IN SENATE
MONDAY, March 7, 1881--10:30 a. m.The LIEUTENANT GOVERNOR took the Chair, and, after the reading of the Secretary's minutes of Saturday's proceedings was dispensed with, announced the order of business to be the a consideration of the bill [H. R. 204] concerning taxation, it being pending at the time of the adjournment. The reading of the bill by sections was pursued until-
Mr. CHAPMAM moved to strike out clause 4, of Section 8, because fully covered by clause 2, and for the purpose of reducing the bulk of this long bill--
Mr. VIEHE moved to strike out the words "when belonging to any city or town" in said a sub-division.
Mr. Chapman accepted this amendment, and by consent of Mr. V., he so changed his motion.
This amendment was agreed to.
On motion by Mr. BUNDY, the vote adopting the amendment was reconsidered.
On motion by Mr. CHAPMAN, the fourth sub-division was stricken out--he withdrawing his amendment suggested by Mr. Viehe.

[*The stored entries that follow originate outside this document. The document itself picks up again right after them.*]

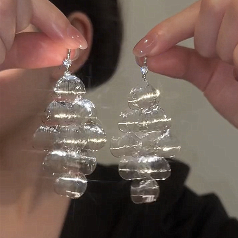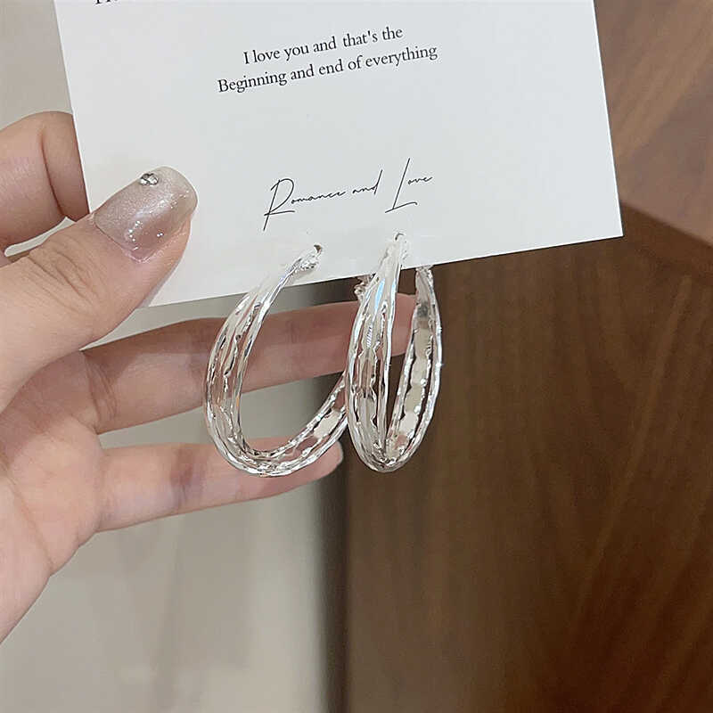 銀色立体三層耳輪S925銀針耳飾り銀色大耳輪イヤリング欧米誇張デザイン感多層
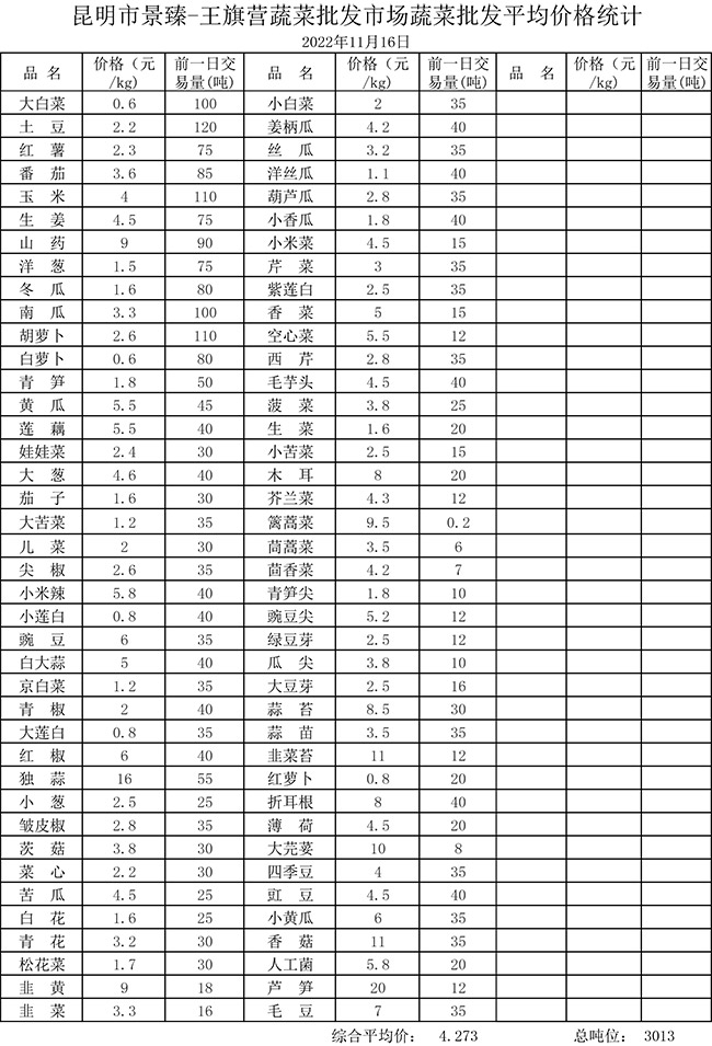 • 市場(chǎng)平均價(jià)格統(tǒng)計(jì)2022年11月16日
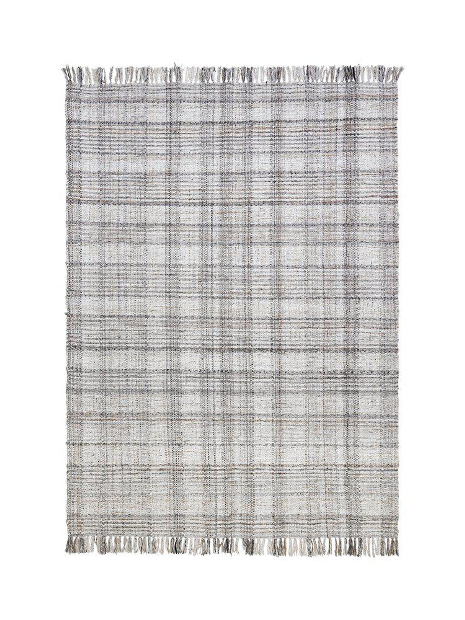 Vändbar beige utomhusmatta 200x300 cm i slätvävd återvunnen PET med tonad rutig sandfinish, lättskött och snabbttorkande. Den passar på din balkong eller altan och funkar som en snygg, praktisk och bra matta som håller länge.
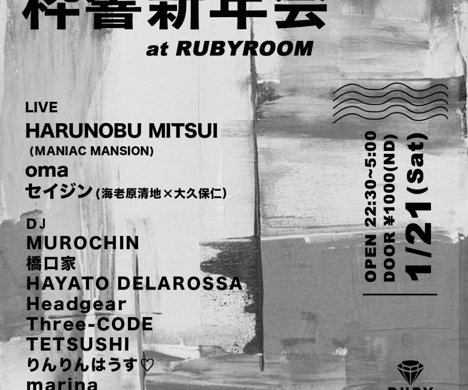 all, PAST SHOWS (SOLO) 06 2月 2023 2023.01.21(SAT) 渋谷 RUBY ROOM 大久保仁 ソロ 【酔響新年会】ACT: セイジン(海老原清地×大久保仁)/HARUNOBU MITSUI / oma ほか OPEN22:30~ wac
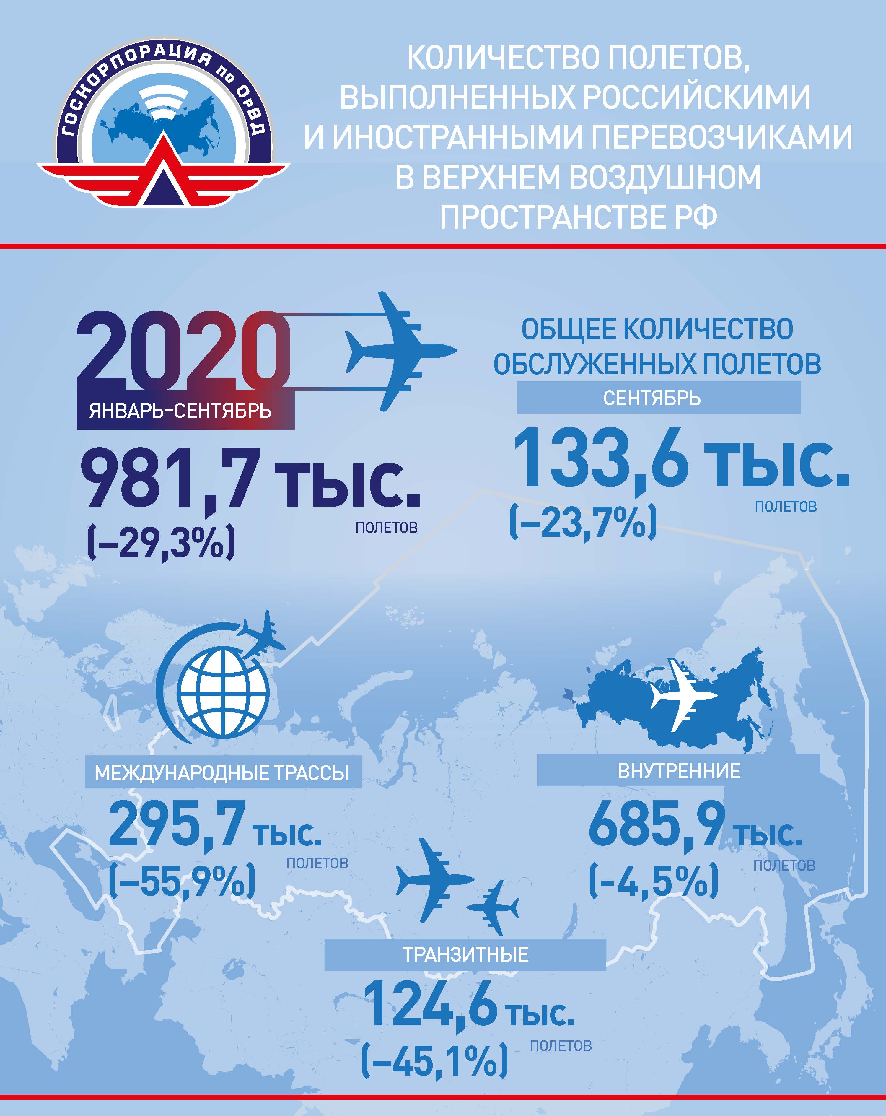 Всего за девять  месяцев 2020 российские авиадиспетчеры обслужили 981,7 тыс. полётов (-29,3 %). На международных воздушных линиях выполнено 295,7 тыс. полётов (-55,9%), включая 124,6 тыс. транзитных полётов (-45,1%). Число внутренних полётов составило 685,9 тыс. (-4,5%).
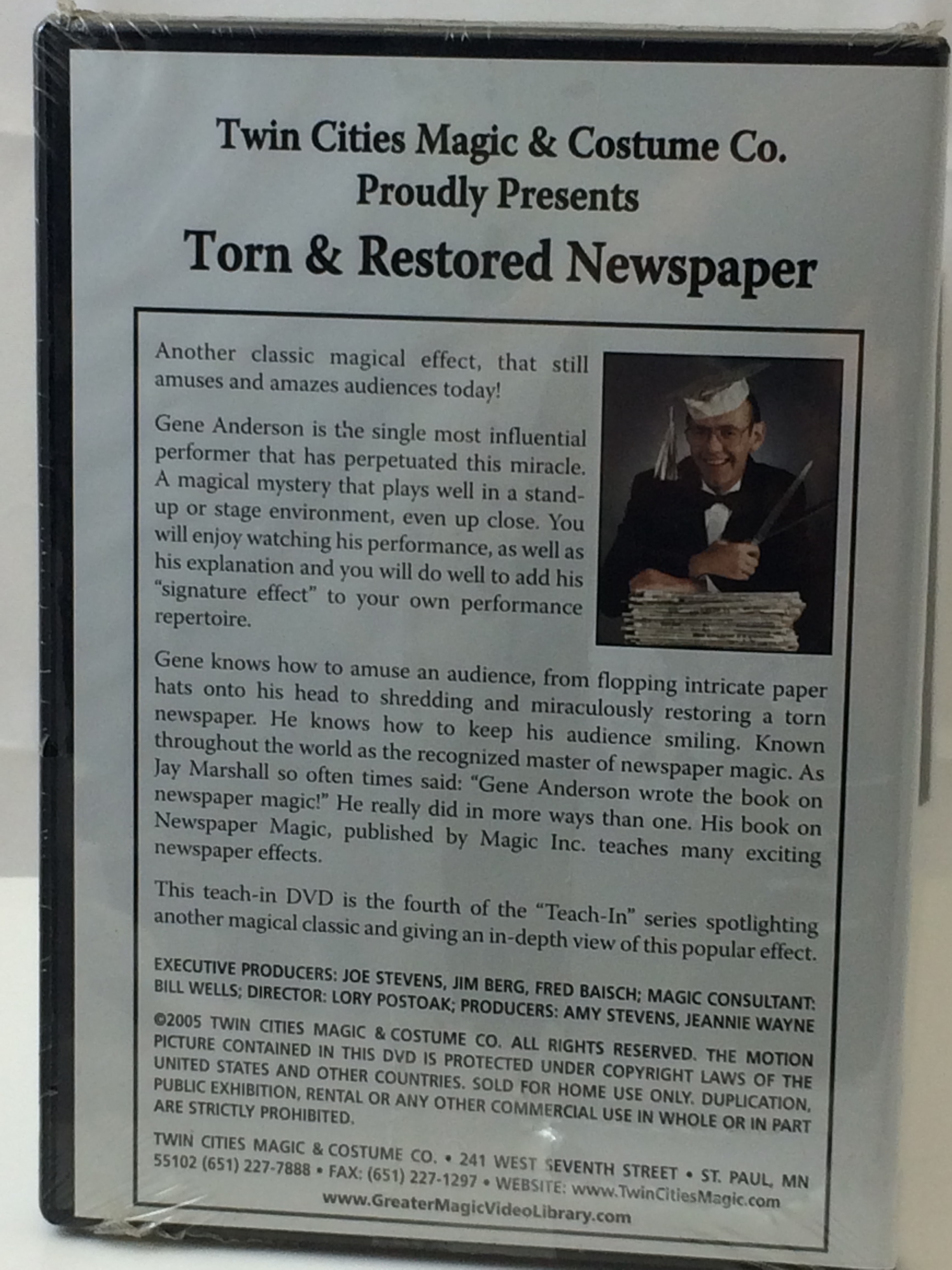 Showcasing Gene Anderson...This is the fourth volume of the Greater Magic Video Library Teach-In Sessions. It spotlights a magical classic and gives an in-depth view of the popular effect - Torn & Restored Newspaper. Gene Anderson's version of this effect is the most well-known. A magical mystery that plays well in a stand-up or stage environment, as well as watching it up close. You will enjoy watching his performance, as well as his explanation. You will do well to add his signature effect to your own performance repertoire. Gene knows how to amuse an audience, from flopping intricate paper hats onto his head to shredding and miraculously restoring a torn newspaper. He knows how to keep his audience smiling. Known throughout the world as the recognized master of newspaper magic, you can now learn this classic effect from the master teacher!
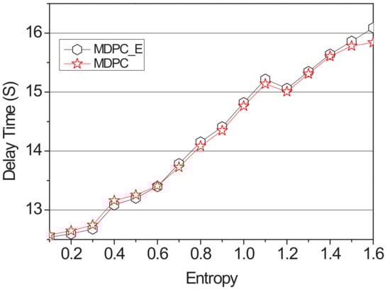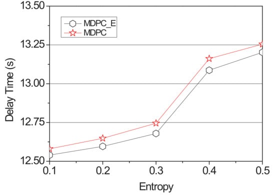 Figure 13 shows a graph of the delay time measured with the entropy value from 0.1 to 1.6. When the entropy value is 0.6, MDPC and MDPC_E backhaul traffic is almost the same. When the entropy value is 0.6, the backhaul traffic of MDPC and MDPC_E becomes almost the same. However, when the entropy value is 0.6 or more, the accuracy of the probability is reduced, and the possibility of the vehicle visiting the RSU having the highest probability is reduced. Therefore, if the entropy is 0.6 or higher, the backhaul traffic of MDPC is higher than the backhaul traffic of MDPC_E.
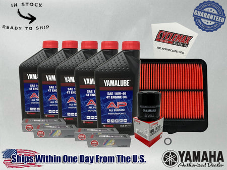 - CYCLEMAX OIL CHANGE KIT INCLUDES: Five Yamaha LUB-10w40-AP-12 Yamalube 10W40 Quarts of Oil, One Yamaha 5GH-13440-71-00 Oil Filter, One Yamaha 2S3-14451-01-00 Air Filter, Four CR9EIA-9 NGK Spark Plugs, One 14mm Drain Plug Crush Washer and a Convenient Disposable Funnel.
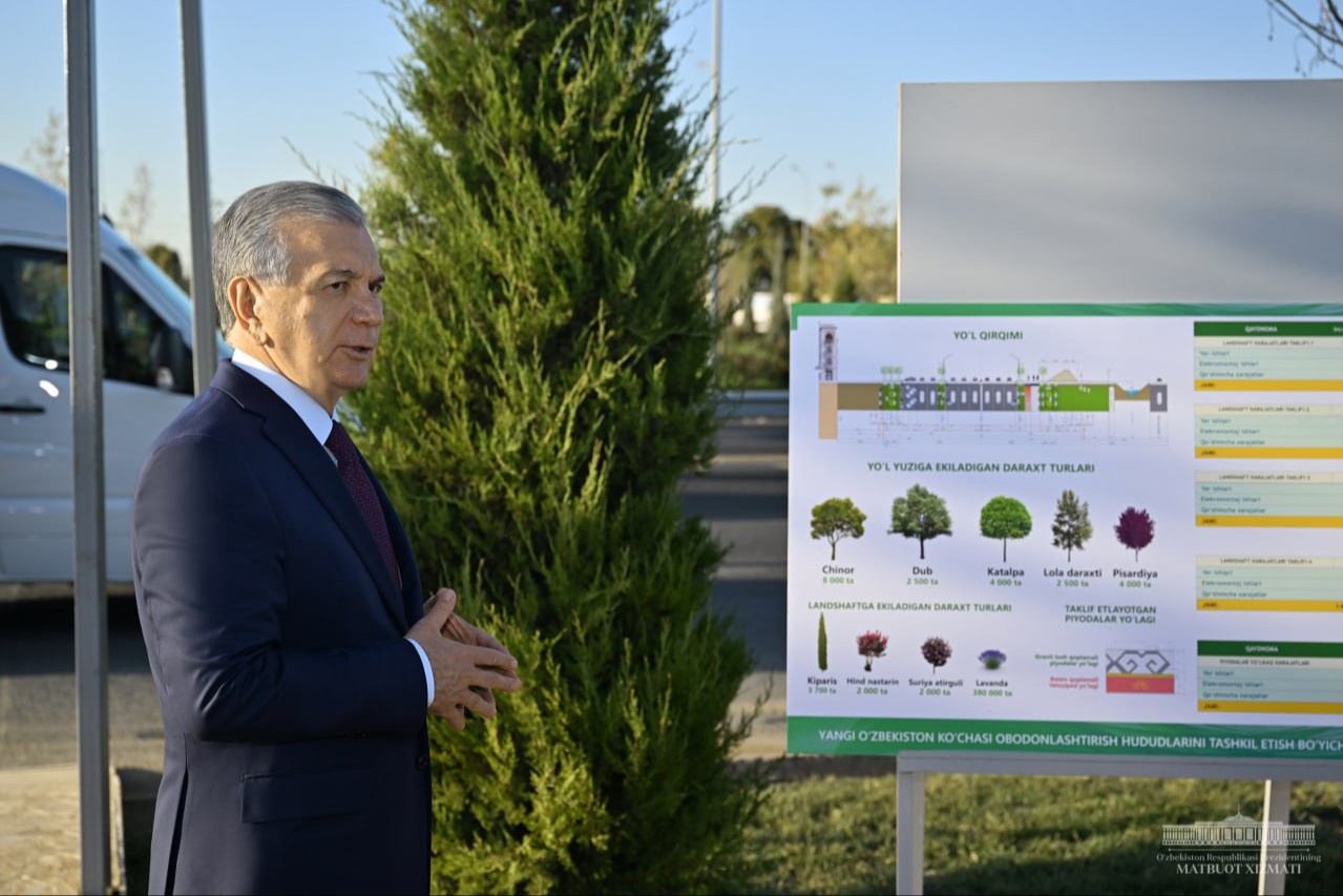 Во время нынешнего визита были рассмотрены предложения по ландшафтному дизайну улицы. В соответствии с проектом, вдоль улицы будут высажены декоративные деревья и кустарники, такие как чинара, дуб, тюльпанное дерево, катальпа, слива писардия, кипарис, индийская сирень, лаванда и сирийская роза. Перед аэропортом намечено построить два фонтана. В целом, эта территория станет частью "зеленого пояса" Ташкента.
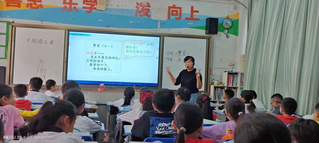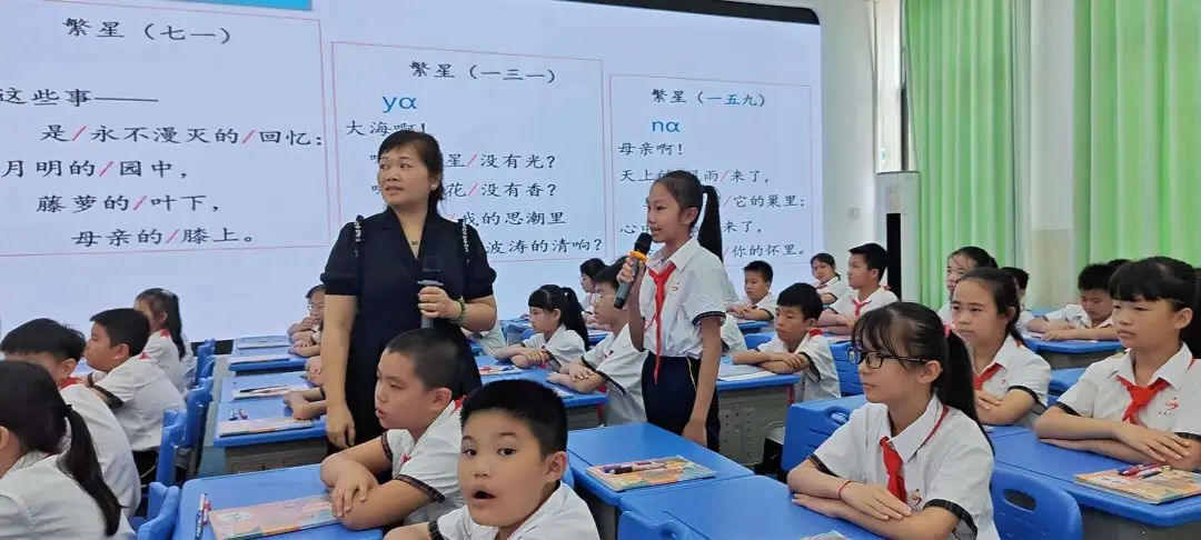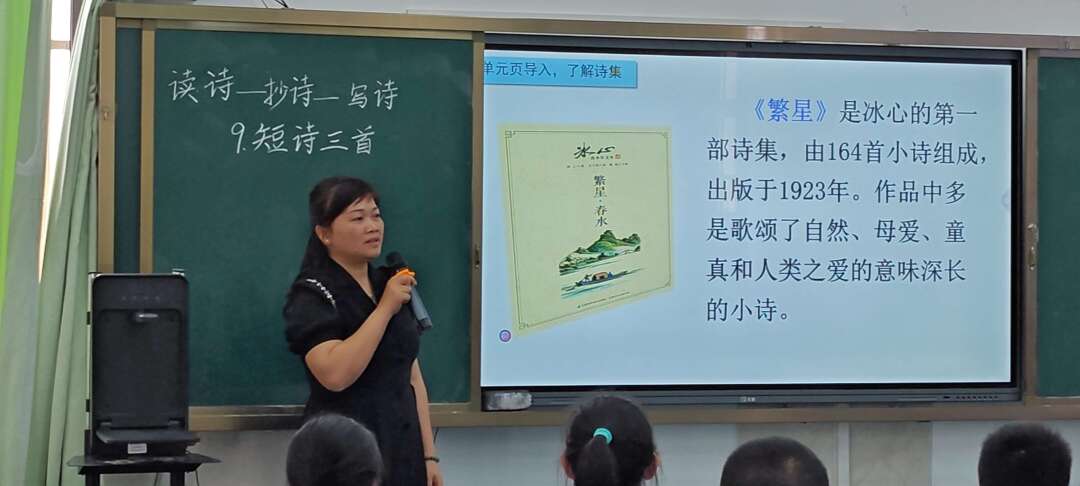 上课伊始,张老师先带领孩子们整体了解本单元的学习内容,明确了本单元的学习任务和目标:读诗——抄诗——写诗。接着以各种方式来读冰心《繁星》,张老师非常注重学生的读,注重引导学生读出诗的韵味。然后巧妙运用导学单,小组合作学诗,把课堂还给学生,学生在合作互学中了解了现代诗的特点,并体会其所表达的感情,有效地培养了学生的合作、独立学习的能力。整堂课充分体现了协同教学的理念。

On motion by Mr. VIEHE, the words "'campus or" were struck out of the exemptions named in the sixth sub-division where these words refer to a tract of land on which an educational building is situate.
Mr. CHAPMAN moved to make the language in the seventh sub-division of Section 8 more clear, namely, by substituting the word 'devoted" for the word "used" for religious worship. etc.
Mr. VIEHE moved a substitute by inserting after the word "acres" the words "when used by a Church or Religious Society, or in trust for its use."
The substute was agreed to and adopted as part of the section.
Mr. LOCKRIDGE offered the following as a substitute for Section 10:
"In all cases where buildings or personal property shall be destroyed, in whole or in part, by unavoidable casualty, after being assessed for the year, and such loss is not covered by insurance, the County Auditor shall, upon sworn proof of such loss, allow a rebate of such proportion of the taxes for that year as that part of the year which shall have passed before such destruction bears to the whole year."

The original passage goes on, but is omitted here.